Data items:
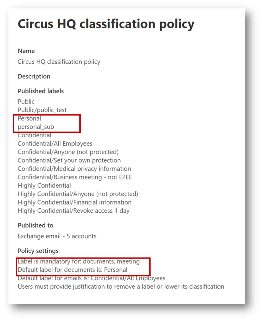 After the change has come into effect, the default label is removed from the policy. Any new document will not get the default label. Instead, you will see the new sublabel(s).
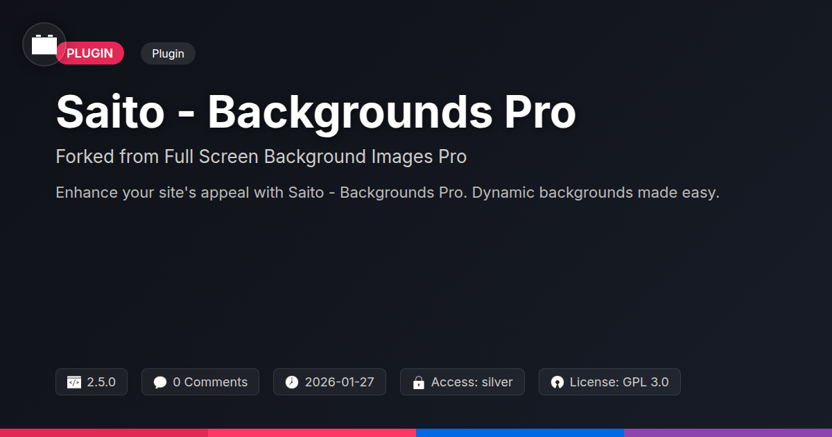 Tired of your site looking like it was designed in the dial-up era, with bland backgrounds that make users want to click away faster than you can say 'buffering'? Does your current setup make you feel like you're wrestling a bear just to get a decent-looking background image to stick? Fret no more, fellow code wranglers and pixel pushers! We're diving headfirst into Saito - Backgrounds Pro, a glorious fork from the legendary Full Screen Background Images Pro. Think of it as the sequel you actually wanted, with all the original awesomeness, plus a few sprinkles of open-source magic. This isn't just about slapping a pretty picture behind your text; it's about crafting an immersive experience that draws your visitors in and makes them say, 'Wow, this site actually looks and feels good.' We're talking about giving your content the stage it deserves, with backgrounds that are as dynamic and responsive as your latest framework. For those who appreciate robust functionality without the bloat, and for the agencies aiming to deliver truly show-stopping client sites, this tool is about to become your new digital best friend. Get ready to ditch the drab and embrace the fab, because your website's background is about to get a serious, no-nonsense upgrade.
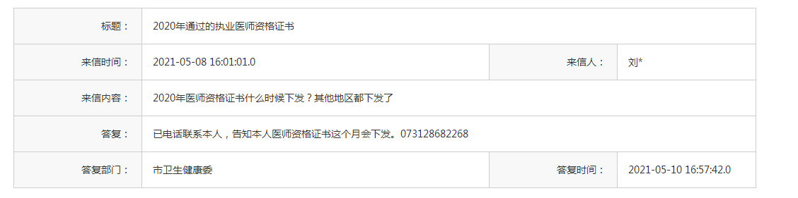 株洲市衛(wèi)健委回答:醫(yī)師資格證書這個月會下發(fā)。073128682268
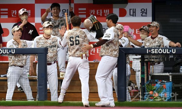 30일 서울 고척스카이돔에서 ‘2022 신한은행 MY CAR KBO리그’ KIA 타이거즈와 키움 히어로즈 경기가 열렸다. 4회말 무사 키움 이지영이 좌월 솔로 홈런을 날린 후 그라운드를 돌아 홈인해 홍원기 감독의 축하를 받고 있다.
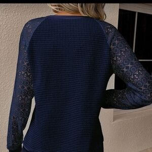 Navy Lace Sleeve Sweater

What the task asks: Beginning with the line where "30일 서울 고척스카이돔에서" appears, restate word for word every line down to the last one in the data, but keep the pictures out.

Response to the exercise:
 30일 서울 고척스카이돔에서 ‘2022 신한은행 MY CAR KBO리그’ KIA 타이거즈와 키움 히어로즈 경기가 열렸다. 4회말 무사 키움 이지영이 좌월 솔로 홈런을 날린 후 그라운드를 돌아 홈인해 홍원기 감독의 축하를 받고 있다.
 Navy Lace Sleeve Sweater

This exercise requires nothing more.